Há um leque amplo desse tipo de violência. Ativistas do parto humanizado apontam, entre esses atos, frases usuais nos hospitais, e não só nos públicos, que desqualificam e ofendem a mulher, como “para de berrar, na hora de fazer não gritou” ou “não faça escândalo”. São tratamentos agressivos, grosseiros e zombeteiros; nomes infantilizados e diminutivos; procedimentos dolorosos, desnecessários ou humilhantes, como lavagem intestinal, raspagem de pelos pubianos, submeter a mulher a mais de um exame de toque, às vezes por mais de um profissional, posição ginecológica com portas abertas, dar hormônios (ocitocina) para agilizar o parto, fazer episiotomia (incisão na região do períneo, entre o ânus e a vagina, para aumentar o canal do parto) sem consentimento.

 

Algemadas

 

E não para por aí.

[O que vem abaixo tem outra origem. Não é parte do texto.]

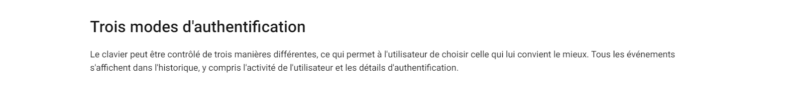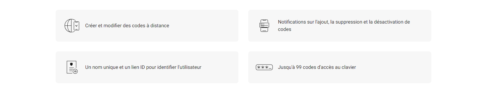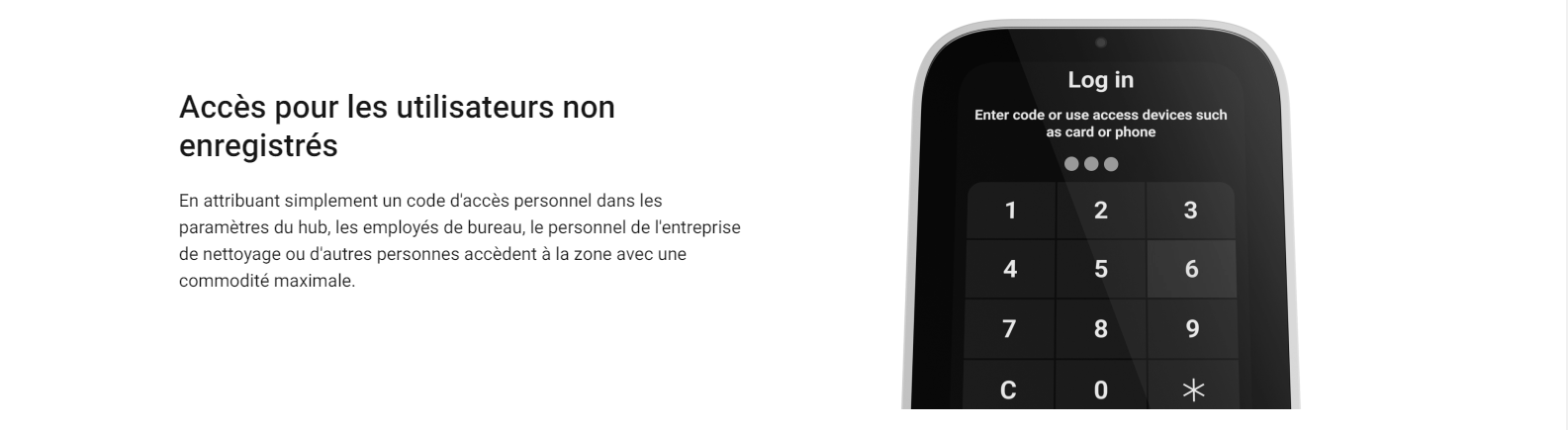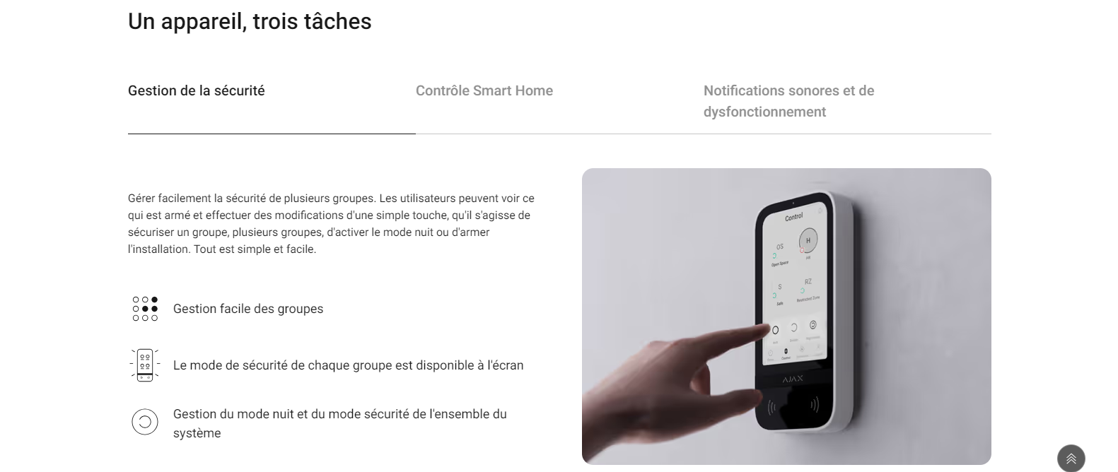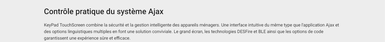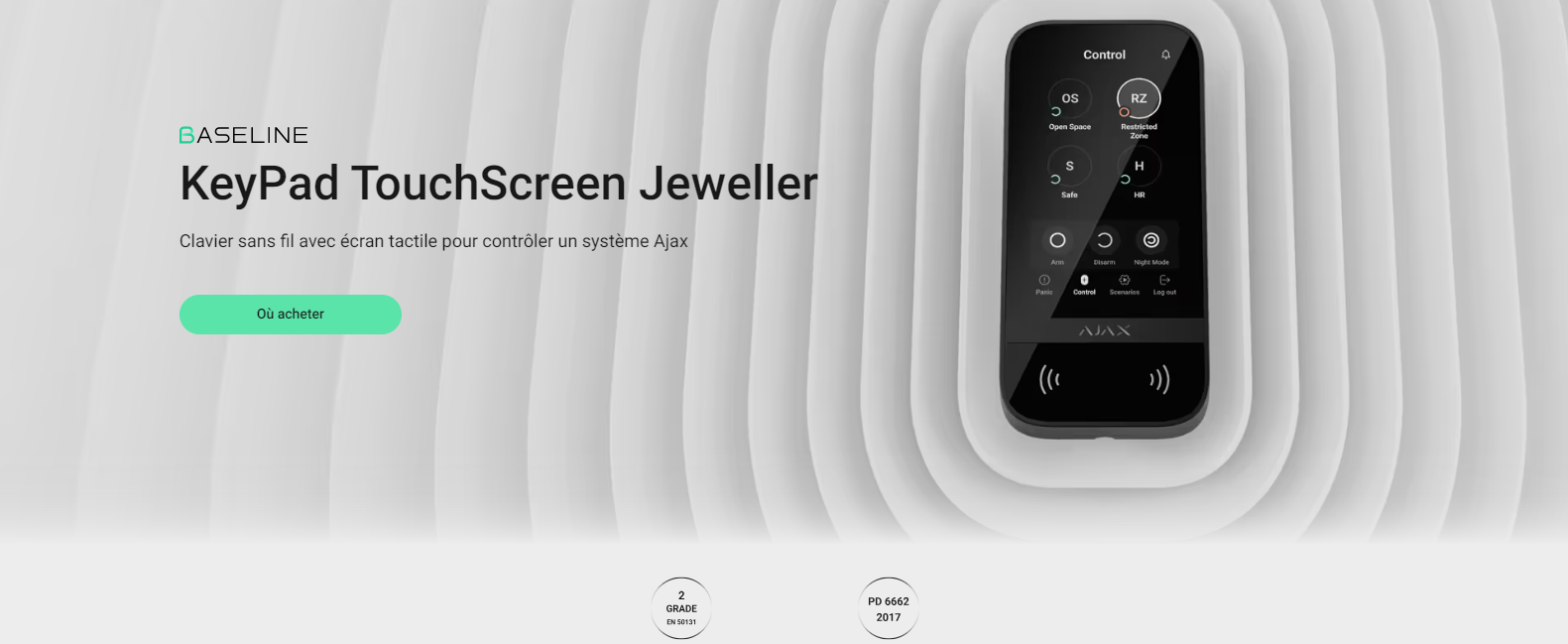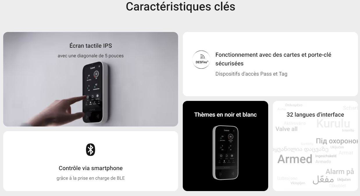 • KeyPad TouchScreen combine la sécurité et la gestion intelligente des appareils ménagers. Une interface intuitive du même type que l’application Ajax et des options linguistiques multiples en font une solution conviviale. Le grand écran, les technologies DESFire et BLE ainsi que les options de code garantissent une expérience sûre et efficace.

Existe inclusive o descumprimento de leis, como a que garante às parturientes, no âmbito do SUS, o direito à presença de um acompanhante durante o trabalho de parto, no parto e no pós-parto imediato (Lei 11.108/2005), que se originou de um projeto do Senado de autoria da atual secretária de Direitos Humanos da Presidência da República, Ideli Salvatti, na época em que era senadora. E outra que assegura à gestante conhecer e se vincular previamente à maternidade onde receberá assistência no âmbito do SUS (Lei 11.634/ 2007).

 

Os abusos são tantos que Ana Rita, relatora da CPI da Violência contra a Mulher, pediu, durante a audiência da CDH e da CAS, que eles sejam denunciados pelo Disque 180 (a central da Secretaria Especial de Políticas para as Mulheres (SPM) que atende os casos de vítimas de agressões), o que já está sendo providenciado pelo governo federal.

 

Se todo esse desrespeito ocorre com mulheres livres, imagine o que acontece com as encarceradas. Há quase três anos, advogadas da Pastoral Carcerária produziram documentário intitulado Mães do Cárcere, com o objetivo de discutir questões relativas à maternidade no sistema prisional do país. Há depoimentos estarrecedores. Um deles, o de uma ex-usuária de crack, que deu à luz o sexto filho amarrada à maca por corrente em um dos pés e com as mãos algemadas. “Minha perna estava inchada. Fiquei com uma levantada, mas não dava para ficar na posição de parto”, conta a presidiária, cuja filha foi levada para um abrigo e dada para adoção sem conhecimento da mãe.

 

Integrantes do movimento pelo parto humanizado conhecem esses relatos. Segundo a presidente da ReHuNa, essa é uma pauta que deve ser tratada em breve. Apesar das iniciativas do governo, como a Rede Cegonha, Daphne afirma que os defensores do “empoderamento da mulher” no parto e no nascimento dos seus bebês ainda são poucos.

 

O movimento se articula principalmente pelas redes sociais e enfrenta a resistência da maioria dos obstetras, que prefere continuar com as cesáreas eletivas (desnecessárias).

 

Além disso, muitas faculdades de medicina, acrescenta Daphne, rejeitam incorporar aos cursos de obstetrícia as mais atualizadas evidências científicas, que colocam por terra a opção da cesárea em partos de baixo risco. Documento do ministério mostra que as mulheres submetidas a cesáreas têm 3,5 vezes mais probabilidade de morrer do que as que fazem parto normal, conforme dados colhidos entre 1992 e 2010. Essa relação sobe para 5 vezes quando se avalia a infecção puerperal, com base em dados de 2000 a 2011.

 

Os interesses econômicos e financeiros não são só dos médicos, que ganham mais com as cesáreas, com menor risco de se envolverem em questões judiciais e com a comodidade de planejamento das suas agendas. Os hospitais podem cobrar mais pelos procedimentos adotados nesse tipo de cirurgia. De acordo com a coordenadora-geral de Saúde da Mulher do ministério, em alguns planos de saúde a taxa de cesárea chega a 100%.